O deputado Cláudio Cajado, por sua vez, defendeu a necessidade de uma legislação mais rigorosa para coibir os comportamentos inadequados. Sua posição reflete a crescente percepção de que as medidas atuais não são suficientes para garantir a ordem e a segurança a bordo, e de que a impunidade pode encorajar a reincidência. 

O parlamentar destacou a importância de proteger o direito da maioria dos passageiros e da tripulação a um ambiente de voo seguro e tranquilo. Expressou ainda sua visão sobre a responsabilidade individual e a necessidade de punições eficazes. 

“Como advogado, gosto muito de defender o direito das pessoas e aprendi um princípio: seu direito acaba quando começa o meu. E o que temos visto é um tremendo desrespeito. Ouvimos aqui claramente que o erro de um, todos pagam. Isso está errado. O erro de um tem que ser dele, e ele paga sozinho. Então, legislação dura, por pior que seja, na minha opinião, é um exemplo, e eu sou defensor disso”, argumentou. 

Sobre a nova regulação 

A regulação que a ANAC deve apresentar representa um marco importante na gestão desses incidentes. Entre as medidas propostas, destacam-se a classificação de condutas por nível de gravidade, permitindo uma resposta proporcional à infração. Serão estabelecidas penalidades administrativas claras e, em casos gravíssimos, a criação de uma no-fly list — lista restritiva que impedirá o passageiro infrator de voar. 

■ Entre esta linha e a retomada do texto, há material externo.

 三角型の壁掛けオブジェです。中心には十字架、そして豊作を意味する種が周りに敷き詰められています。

Além disso, a proposta prevê a aplicação de multas de R$ 17.500 para casos graves e gravíssimos e o encerramento do contrato de transporte para os infratores. Um ponto crucial é o compartilhamento dessa lista entre as companhias aéreas, o que dificultará a reincidência e reforçará a segurança em todo o sistema aéreo nacional. 

A regulação será aplicável a voos domésticos, enquanto a aplicação para voos internacionais dependerá da análise e da ratificação do Protocolo de Montreal pelo Ministério das Relações Exteriores (MRE). 

Próximos passos 

A audiência pública na CVT demonstrou posição unânime entre os participantes sobre a urgência e a necessidade de medidas mais rigorosas para combater a indisciplina a bordo. 

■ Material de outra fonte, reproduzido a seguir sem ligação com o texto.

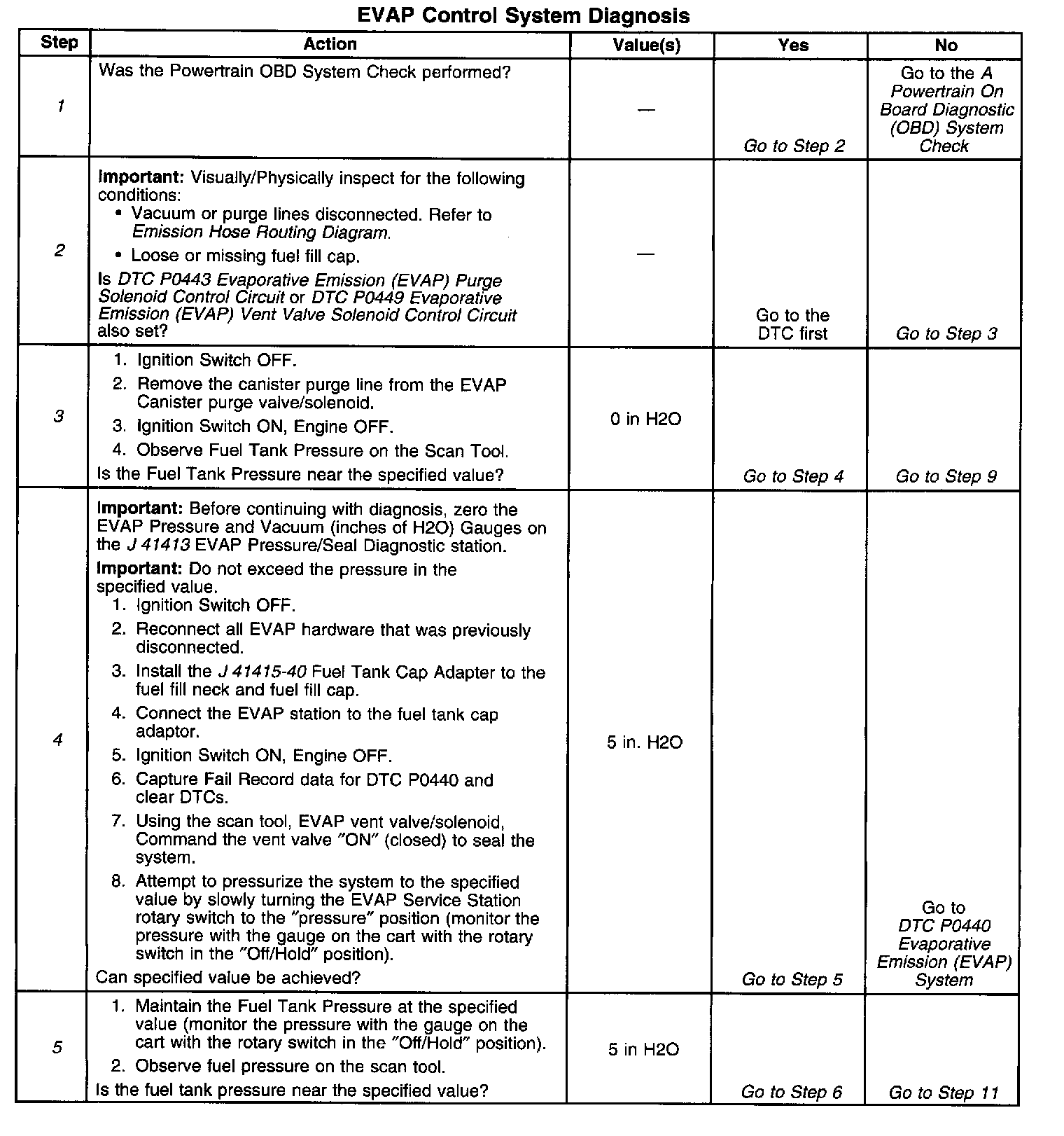 5. Verifies that the fuel tank pressure sensor accurately reacts to EVAP system pressure changes. The [1][2]EVAP station is pressurizing a sensor that normally reads vacuum. The tech II reads high pressure at 0 volts and high vacuum at 5 volts. the Tech II can only read a max pressure of 6.0 inches of H2O (0 Volts). However the EVAP Service station can pressurize the system to much higher pressures. The Scan Tool value should be within ±0.5 of the specified value.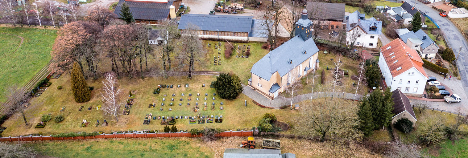 Der 0,6 Hektar große Kirchhof ist überwiegend mit einer roten Klinkermauer eingefriedet. Unter den verschiedenen Grabarten sind besonders die Grabstätten entlang der Mauer für den Friedhof charakteristisch. Der Abschiedsraum auf dem Friedhof gehört zur Gemeinde Lichtentanne. Vor der Kirche erinnert ein Kriegerdenkmal an die Gefallenen im Deutsch-Französischen Krieg. Ein weiteres Denkmal auf der Ostseite ist den Gefallenen aus dem ersten Weltkrieg gewidmet.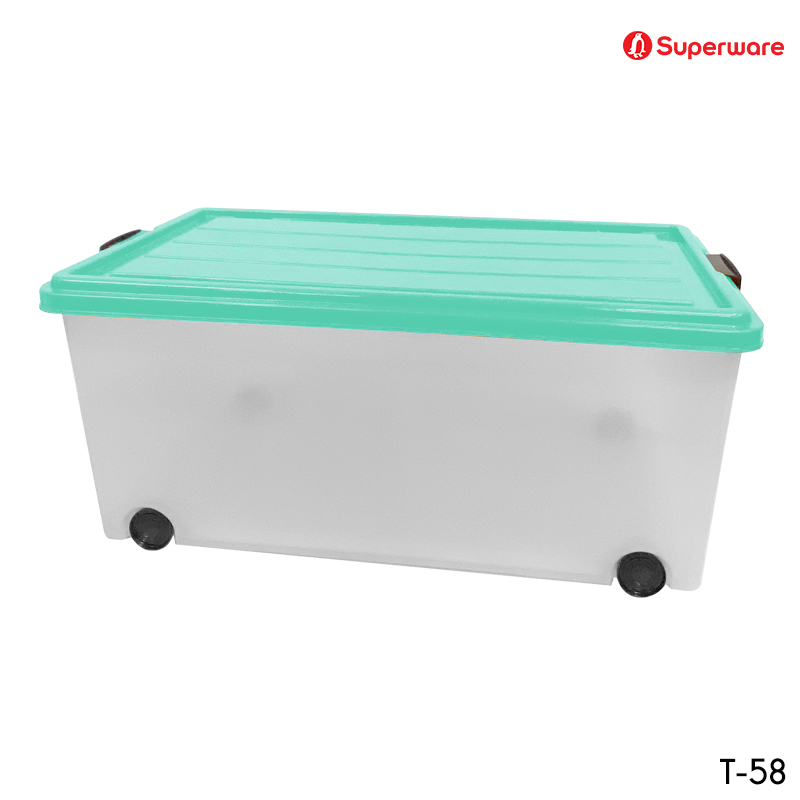 T-58 ฝาสีเขียวพาสเทล กล่องใส่ของอเนกปรสงค์พร้อมฝาล็อค มีล้อเลื่อน แบบสูง

A Comissão de Viação e Transportes reafirmou seu apoio às iniciativas da ANAC, reconhecendo que a segurança aérea é um pilar inegociável e que a colaboração entre o Legislativo, o órgão regulador e o setor é fundamental para garantir um ambiente de voo seguro e respeitoso para todos. 

A expectativa é que a nova regulação da ANAC, baseada na Lei do Voo Simples (Lei nº 14.368/2022), traga os instrumentos necessários para coibir efetivamente os incidentes e restaurar a tranquilidade nos céus brasileiros.